Memory-Efficient Fine-Tuning of Compressed Large Language Models via sub-4-bit Integer Quantization

[TL;DR]
PEQA is a novel fine-tuning approach that integrates Parameter-Efficient Fine-Tuning (PEFT) with weight-only quantized LLMs by updating only the quantization scales, preserving low-bit integer weight matrices. This results in huge memory savings, seamless task adaptation, and inference acceleration.

Highlights

  • Integrates PEFT with quantized LLMs, updating only the quantization scales while keeping integer matrices frozen.
  • Reduces memory consumption during fine-tuning and deployment, making LLM adaptation feasible even for resource-constrained settings.
  • Maintains quantization benefits post fine-tuning, ensuring accelerated inference.
  • Demonstrates resilience in performance recovery, even for sub-4-bit quantized models, on large-scale instruction datasets.
  • Scales up to 65B parameter models while achieving performance close to full-precision LoRA fine-tuning.


Summary

  • Problem Statement: LLM fine-tuning is memory-intensive, even with PEFT such as LoRA, as full-precision weights remain a bottleneck. Quantization can reduce memory but is typically applied post-training, which limits the adaptability.
  • Solution: PEQA bridges this gap by fine-tuning only the quantization scales of a pre-quantized LLM while keeping the integer weights frozen. This enables task-specific adaptation with minimal overhead.
  • PEQA Framework:
    • Step 1 Decomposition: Pre-trained model weights are quantized into sub-4-bit integers with associated scaling factors.
    • Step 2 Fine-tuning: Only the quantization scales are updated while maintaining the frozen integer matrix, significantly reducing learnable parameters.


Key Advantages

Memory Efficiency

  • Fine-tunes only the quantization scales, significantly reducing memory overhead.
  • Optimized for low-bit integer quantization (≤ 4-bit) while maintaining high accuracy.

Seamless Task Switching

  • PEQA enables quick and efficient adaptation across different tasks by swapping quantization scales instead of retraining entire models.

Faster Inference

  • The frozen integer matrix remains intact, ensuring post-fine-tuning speedup using quantized inference kernels.

Experiments

Memory and General Comparison


PEQA vs. QAT vs. PEFT+PTQ

  • PEQA achieves performance close to QAT, significantly outperforming LoRA + PTQ at 3-bit and 4-bit precision.
  • Lower perplexity indicates effective fine-tuning of quantized models without sacrificing accuracy.
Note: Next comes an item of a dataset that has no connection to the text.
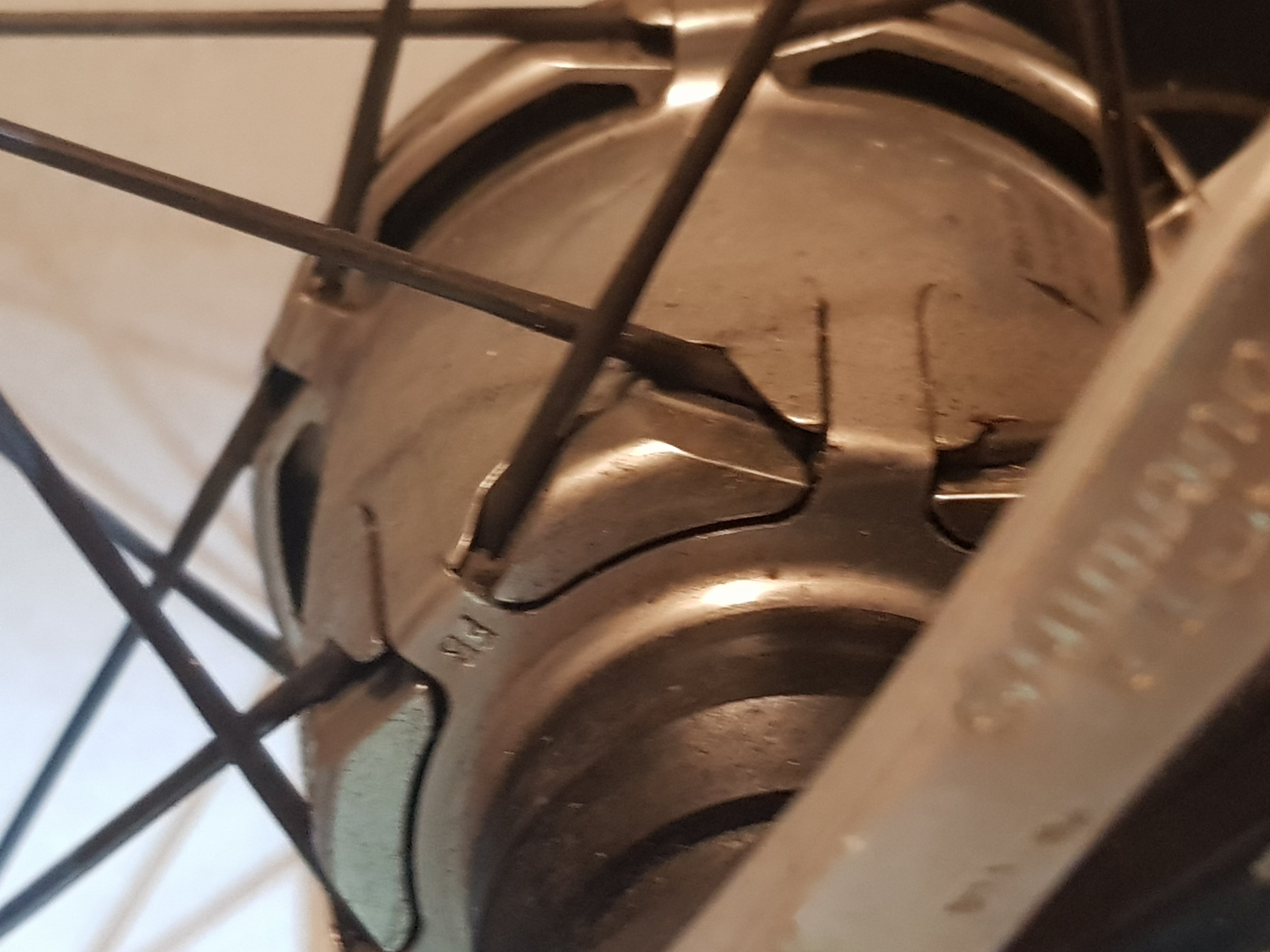 Ik probeer twee foto's van de voornaaf bij te sluiten, de achternaaf is een "gewone" versnellingsnaaf, ik heb niet eens gekeken hoeveel versnellingen (maar dus wel met dezelfde spaak-bevestiging).

Instruction-Tuning with Alpaca Dataset

  • Evaluated on common-sense reasoning and in-context learning tasks (ARC, PIQA, HellaSwag).
  • Performance comparable to LoRA, with additional memory savings and inference acceleration.


Notations

Quantized Weights and Fine-Tuning

  • Weight-only asymmetric quantization:
    Given a fully-connected layer \(\mathbf{W}_0 \in \mathbb{R}^{n \times m}\), a given bit-width \(b\), per-channel scales and zero-points \(\mathbf{s}_0, \mathbf{z}_0 \in \mathbb{R}^{n \times 1}\), asymmetric quantized pre-trained weights \(\widehat{\mathbf{W}}_0\) can be written as
\[\widehat{\mathbf{W}}_0 = \mathbf{s}_0 \cdot \overline{\mathbf{W}}_0 = \mathbf{s}_0 \cdot \left( \text{clamp} \left( \left\lfloor \frac{\mathbf{W}_0}{\mathbf{s}_0} \right\rfloor + \mathbf{z}_0, 0, 2^b - 1 \right) - \mathbf{z}_0 \right),\]
  • PEQA fine-tuning modifies only the quantization scale by:
    \(\widehat{\mathbf{W}} = (\mathbf{s}_0 + \Delta s) \cdot \overline{\mathbf{W}}_0 = (\mathbf{s}_0 + \Delta s) \cdot \left( \text{clamp} \left( \left\lfloor \frac{\mathbf{W}_0}{\mathbf{s}_0} \right\rfloor + \mathbf{z}_0, 0, 2^b - 1 \right) - \mathbf{z}_0 \right)\) where \(\overline{\mathbf{W}}_0\) is frozen, and \(\Delta \mathbf{s} \in \mathbb{R}^{n \times 1}\) represents the gradient update of \(\mathbf{s}_0\) obtained by adaptation to a downstream task.

Conclusion

PEQA presents a memory-efficient fine-tuning approach for quantized LLMs (weight-only quantization). By updating only the quantization scales while keeping integer matrices fixed, PEQA achieves:

  • Comparable accuracy to full-precision PEFT methods
  • Significant memory savings (up to 4× reduction)
  • Seamless adaptation to new tasks
  • Faster inference without additional post-processing

PEQA enables scalable and efficient model adaptation for large-scale language models, ensuring practical deployment on memory-constrained devices.